BEGIN Records for this task
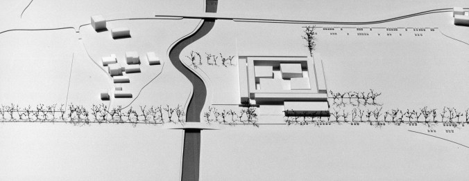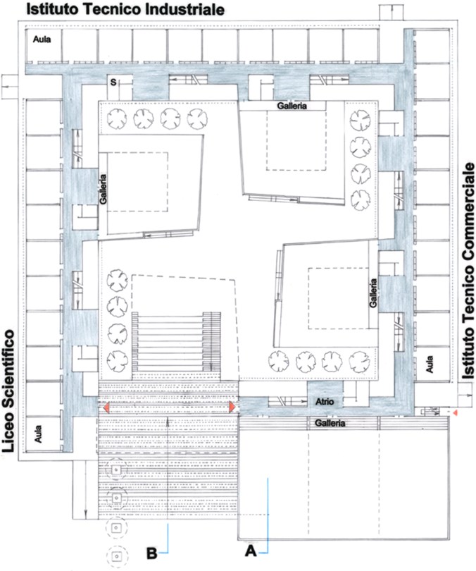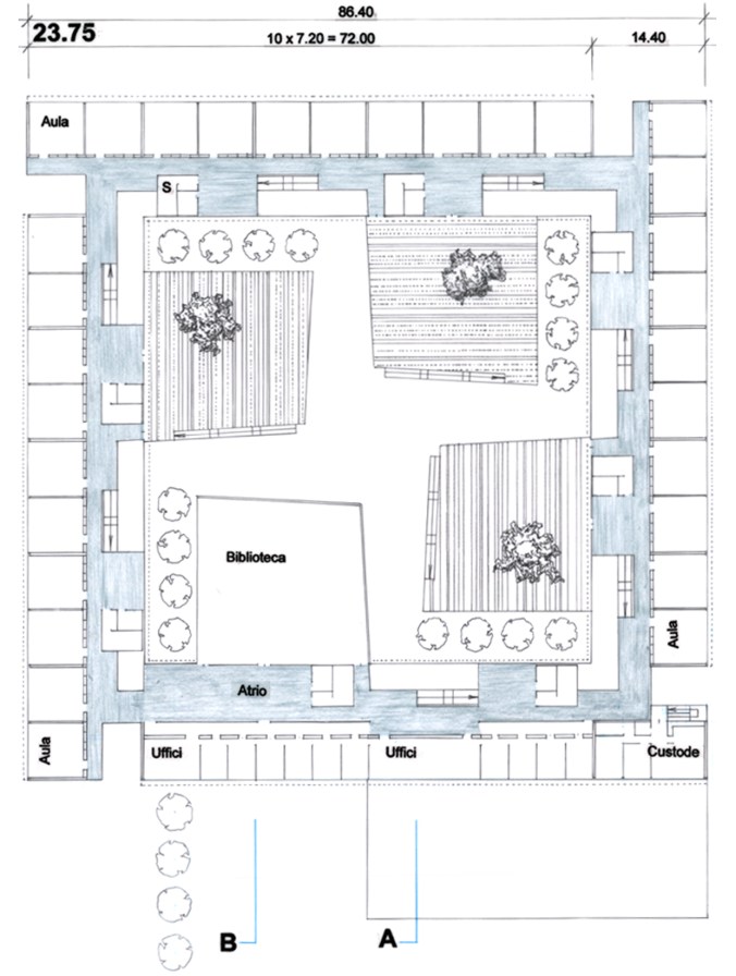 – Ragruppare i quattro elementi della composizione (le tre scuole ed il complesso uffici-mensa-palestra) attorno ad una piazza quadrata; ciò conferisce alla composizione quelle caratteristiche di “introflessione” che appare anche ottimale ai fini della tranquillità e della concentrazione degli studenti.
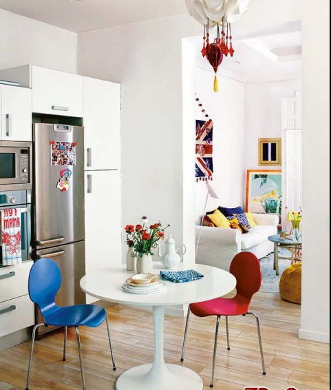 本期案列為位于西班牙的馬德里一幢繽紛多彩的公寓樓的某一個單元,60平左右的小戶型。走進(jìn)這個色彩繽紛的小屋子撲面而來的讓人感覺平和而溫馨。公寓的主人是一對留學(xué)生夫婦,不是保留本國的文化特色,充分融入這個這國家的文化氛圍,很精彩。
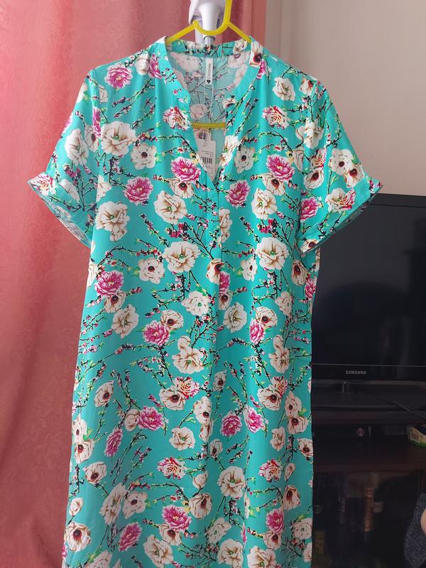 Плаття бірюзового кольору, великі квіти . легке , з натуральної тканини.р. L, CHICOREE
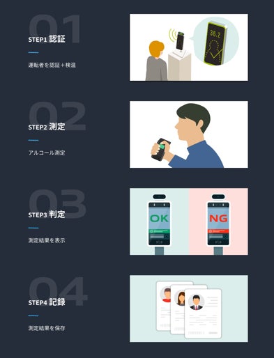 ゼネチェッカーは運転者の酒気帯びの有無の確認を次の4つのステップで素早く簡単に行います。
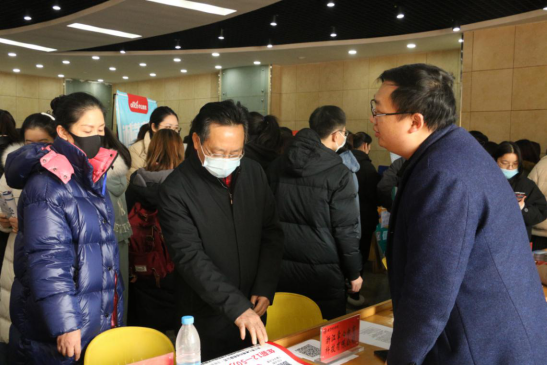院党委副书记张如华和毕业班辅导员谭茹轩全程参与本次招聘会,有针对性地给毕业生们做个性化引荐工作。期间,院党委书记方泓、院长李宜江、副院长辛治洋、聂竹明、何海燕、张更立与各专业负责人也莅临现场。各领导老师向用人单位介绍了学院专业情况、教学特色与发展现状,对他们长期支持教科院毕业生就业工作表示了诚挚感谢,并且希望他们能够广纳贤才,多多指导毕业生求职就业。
END Records for this task
_Task to complete_: When you copy the data above, keep each line exact and omit the pictures.

_Solution to this problem_:
 – Ragruppare i quattro elementi della composizione (le tre scuole ed il complesso uffici-mensa-palestra) attorno ad una piazza quadrata; ciò conferisce alla composizione quelle caratteristiche di “introflessione” che appare anche ottimale ai fini della tranquillità e della concentrazione degli studenti.
 本期案列為位于西班牙的馬德里一幢繽紛多彩的公寓樓的某一個單元,60平左右的小戶型。走進(jìn)這個色彩繽紛的小屋子撲面而來的讓人感覺平和而溫馨。公寓的主人是一對留學(xué)生夫婦,不是保留本國的文化特色,充分融入這個這國家的文化氛圍,很精彩。
 Плаття бірюзового кольору, великі квіти . легке , з натуральної тканини.р. L, CHICOREE
 ゼネチェッカーは運転者の酒気帯びの有無の確認を次の4つのステップで素早く簡単に行います。
院党委副书记张如华和毕业班辅导员谭茹轩全程参与本次招聘会,有针对性地给毕业生们做个性化引荐工作。期间,院党委书记方泓、院长李宜江、副院长辛治洋、聂竹明、何海燕、张更立与各专业负责人也莅临现场。各领导老师向用人单位介绍了学院专业情况、教学特色与发展现状,对他们长期支持教科院毕业生就业工作表示了诚挚感谢,并且希望他们能够广纳贤才,多多指导毕业生求职就业。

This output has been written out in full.